» **Your assignment**
Each entry should be restated word for word, with all pictures left out.

(Saved entries)

--------------------

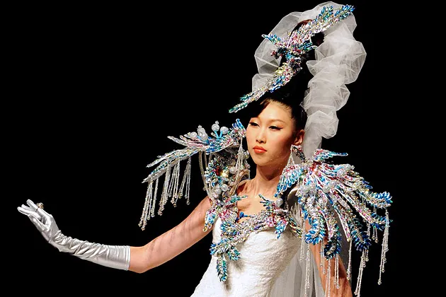 自2006年Galatea开业以来,陈雅平注意到的一个显著变化是:中国的城市新娘变得更加挑剔。每个月,这家连锁店的三个地点(两个在北京,一个在上海)大约销售300件婚纱,价格从2000元人民币到50000元人民币(325美元到8100美元)不等。七年前,大多数新娘会顺从地听从工作人员的“专家”建议来选择婚纱。(例如,陈雅平建议面部轮廓分明的女性穿着简单的面料;而面部特征较圆的女性则可以尝试花卉刺绣或更复杂的图案。)但“今天的新娘带着自己的意见进来,”她说,并补充道,中国婚礼杂志和婚纱网站的快速增长迅速提升了品味并激发了欲望。
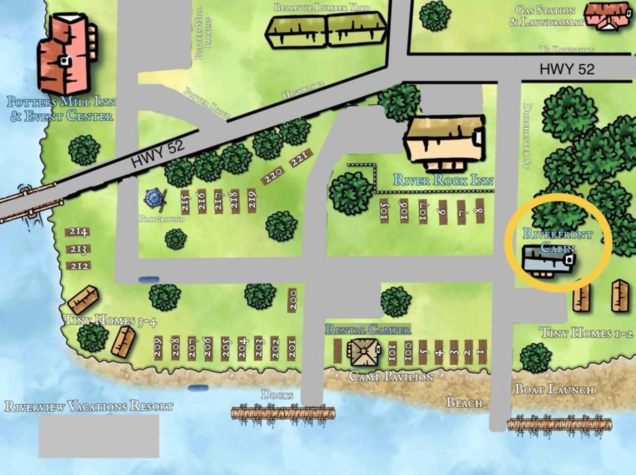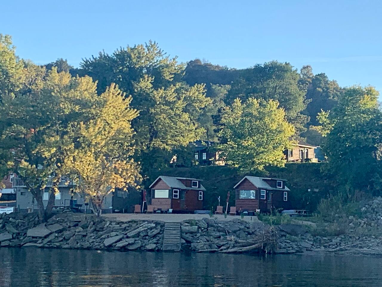 Please note there are stairs to access the cabin it is the second story of the building. The lower floor is storage. Firewood for your fire-pit can be purchased on site. There will be a one-time pet fee added to your stay if bringing a pet. In a case of a known flood event you will have the option to rebook for a later date up to two years out from your original reservation. There is no threat of flash flooding. Our resort (Riverview Vacations) also offers tiny home cabins, RV rental and campground & Potters Mill Event Center.
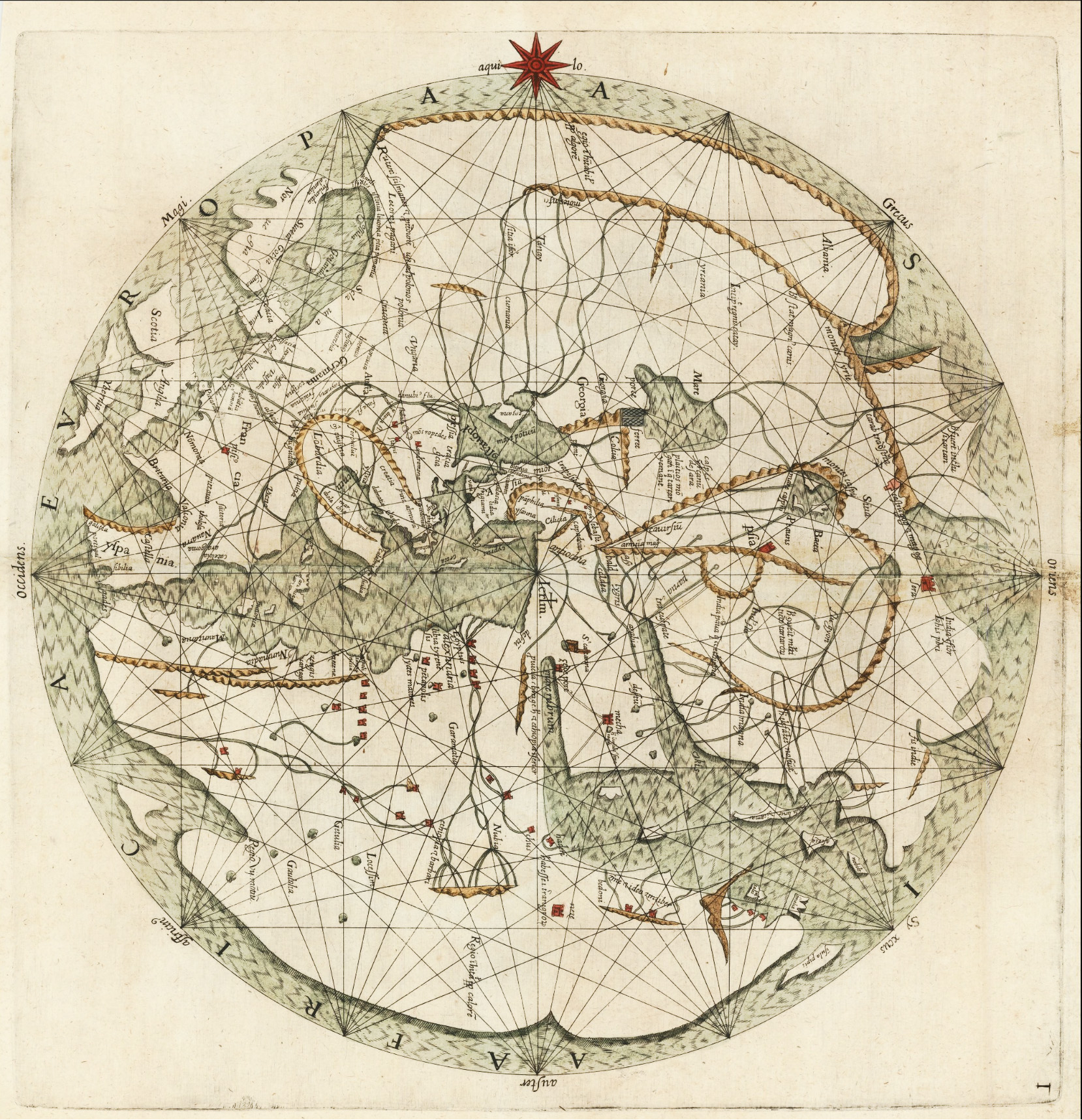 This is a reproduction of Peitre Vesconte's mappa mundi by cartographer Johann Bongars in 1611. Note that bongars flipped the map to the more modern orientation, with North toward the top of the map.
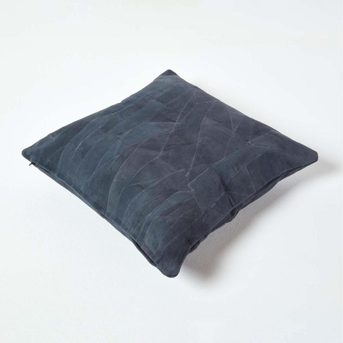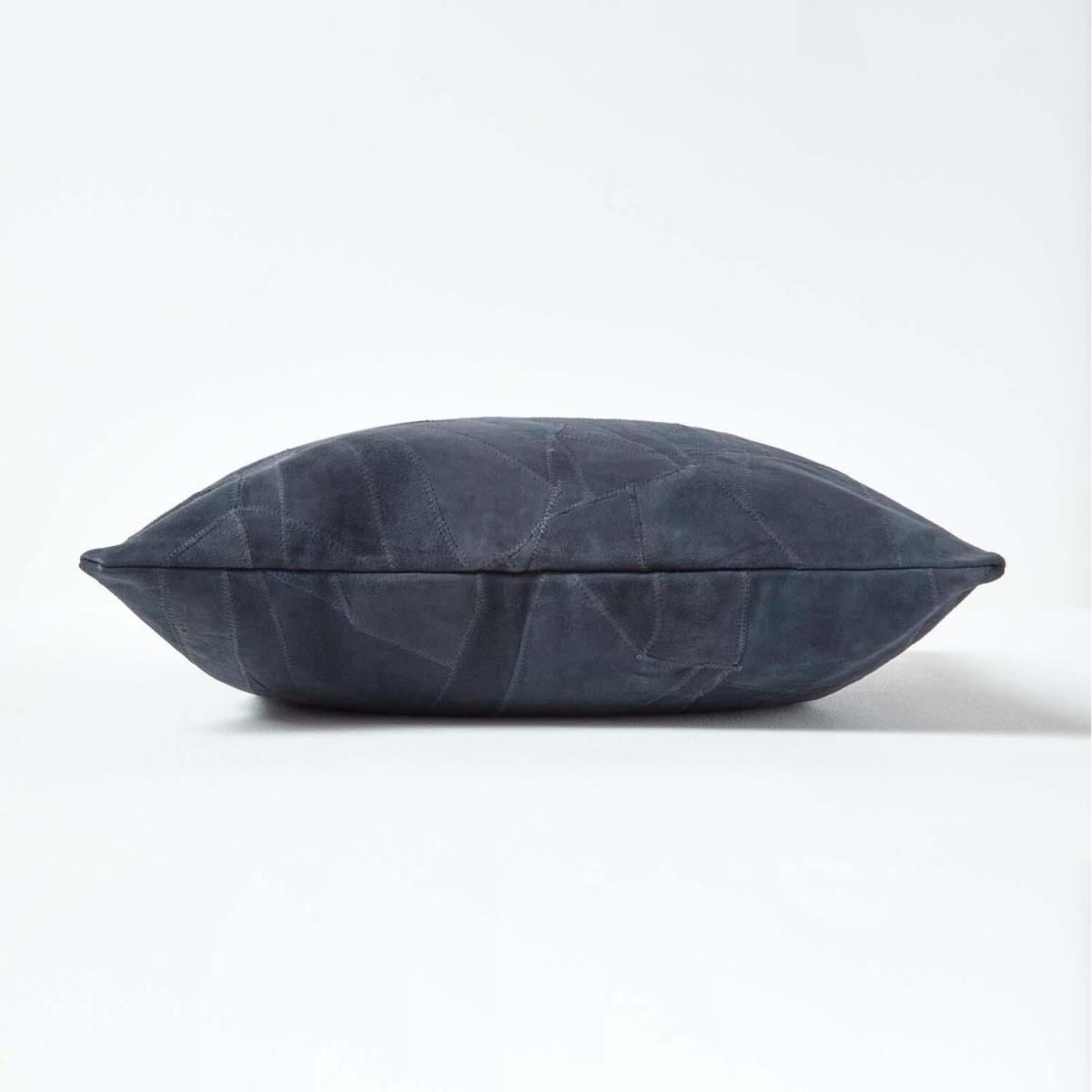 Handcrafted suede leather cushion cover from Homescapes to add design and texture to your home interiors. This cushion cover will easily complement any interior style. A natural fabric, suede feels soft and gentle to the touch, and the cover has been created out of recycled offcuts to reduce waste. This means that each cover is unique, as different off cuts are stitched together to create a patchwork style pattern. Mix and match with other colours from Homescapes suede and leather range such as cream and grey for a contemporary look that will never go out of style. The cover has a zip closure to make filling quick and easy and it has a cotton lining to protect the suede. Comes with a Homescapes feather cushion pad.
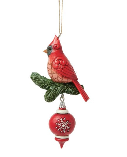 This exquisite Jim Shore Nordic Noel ornament showcases a beautiful cardinal perched gracefully on a monochrome pine sprig, embodying the essence of winter. Below the branch, a snowflake-patterned ornament adds festive charm.
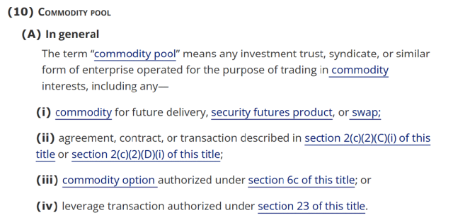 上图为 Commodity Exchange Act Section1 1a(10)对于 Commodity Pool 的定义
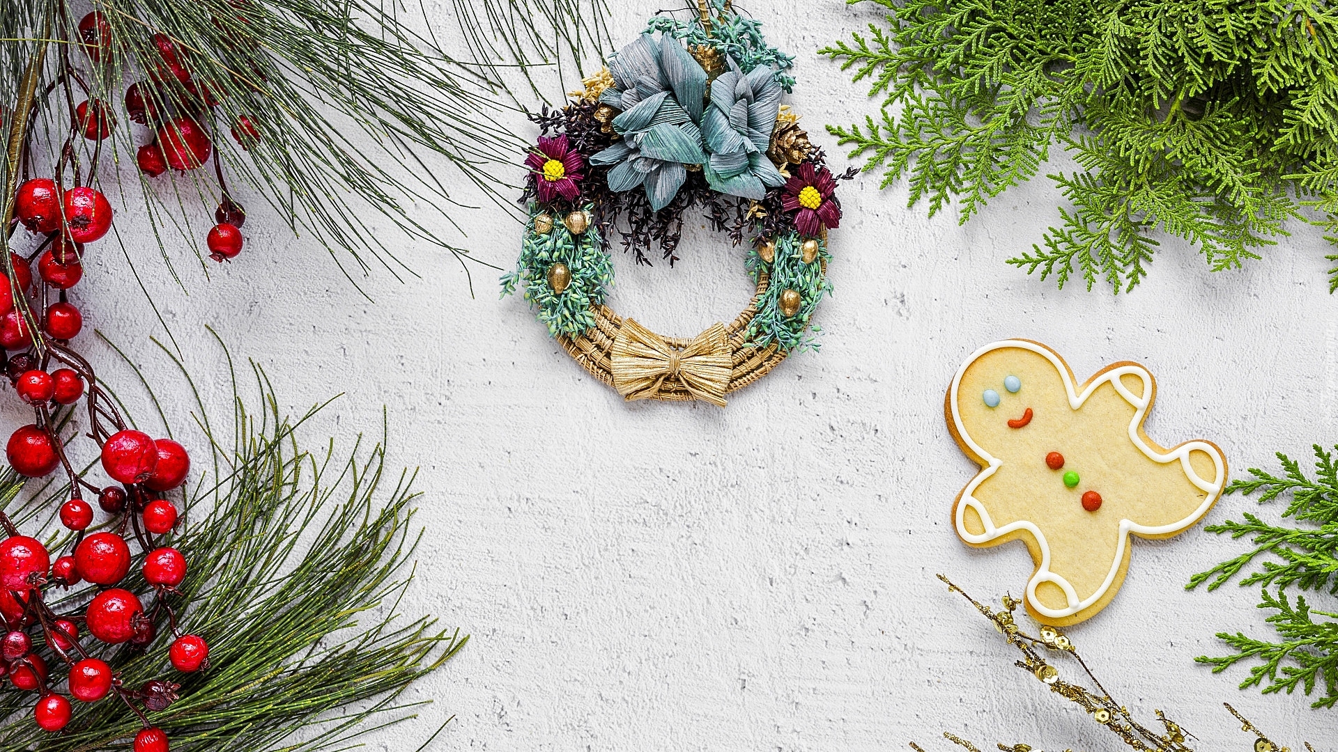 Edytor tapety: Świąteczny wieniec z ozdobami
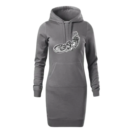 Dámske mikinové šaty MALFINI Snap 419 sú ideálnou voľbou pre ženy, ktoré hľadajú pohodlný a štýlový kúsok na voľný čas alebo každodenné nosenie. Ľahko vypasovaný strih s bočnými švami podčiarkuje ženskú siluetu, zatiaľ čo kapucňa s podšívkou a sťahovacou šnúrkou dodáva ležérny vzhľad. Šaty majú dĺžku nad kolená a sú vybavené našitým vreckom v štýle „klokanky“. Materiál je mäkký a príjemný na dotyk grâce à smesi bavlny a polyesteru s nepočesanou vnútornou stranou.

--------------------

» **Worked solution**
 自2006年Galatea开业以来,陈雅平注意到的一个显著变化是:中国的城市新娘变得更加挑剔。每个月,这家连锁店的三个地点(两个在北京,一个在上海)大约销售300件婚纱,价格从2000元人民币到50000元人民币(325美元到8100美元)不等。七年前,大多数新娘会顺从地听从工作人员的“专家”建议来选择婚纱。(例如,陈雅平建议面部轮廓分明的女性穿着简单的面料;而面部特征较圆的女性则可以尝试花卉刺绣或更复杂的图案。)但“今天的新娘带着自己的意见进来,”她说,并补充道,中国婚礼杂志和婚纱网站的快速增长迅速提升了品味并激发了欲望。
 Please note there are stairs to access the cabin it is the second story of the building. The lower floor is storage. Firewood for your fire-pit can be purchased on site. There will be a one-time pet fee added to your stay if bringing a pet. In a case of a known flood event you will have the option to rebook for a later date up to two years out from your original reservation. There is no threat of flash flooding. Our resort (Riverview Vacations) also offers tiny home cabins, RV rental and campground & Potters Mill Event Center.
 This is a reproduction of Peitre Vesconte's mappa mundi by cartographer Johann Bongars in 1611. Note that bongars flipped the map to the more modern orientation, with North toward the top of the map.
 Handcrafted suede leather cushion cover from Homescapes to add design and texture to your home interiors. This cushion cover will easily complement any interior style. A natural fabric, suede feels soft and gentle to the touch, and the cover has been created out of recycled offcuts to reduce waste. This means that each cover is unique, as different off cuts are stitched together to create a patchwork style pattern. Mix and match with other colours from Homescapes suede and leather range such as cream and grey for a contemporary look that will never go out of style. The cover has a zip closure to make filling quick and easy and it has a cotton lining to protect the suede. Comes with a Homescapes feather cushion pad.
 This exquisite Jim Shore Nordic Noel ornament showcases a beautiful cardinal perched gracefully on a monochrome pine sprig, embodying the essence of winter. Below the branch, a snowflake-patterned ornament adds festive charm.
 上图为 Commodity Exchange Act Section1 1a(10)对于 Commodity Pool 的定义
 Edytor tapety: Świąteczny wieniec z ozdobami
 Dámske mikinové šaty MALFINI Snap 419 sú ideálnou voľbou pre ženy, ktoré hľadajú pohodlný a štýlový kúsok na voľný čas alebo každodenné nosenie. Ľahko vypasovaný strih s bočnými švami podčiarkuje ženskú siluetu, zatiaľ čo kapucňa s podšívkou a sťahovacou šnúrkou dodáva ležérny vzhľad. Šaty majú dĺžku nad kolená a sú vybavené našitým vreckom v štýle „klokanky“. Materiál je mäkký a príjemný na dotyk grâce à smesi bavlny a polyesteru s nepočesanou vnútornou stranou.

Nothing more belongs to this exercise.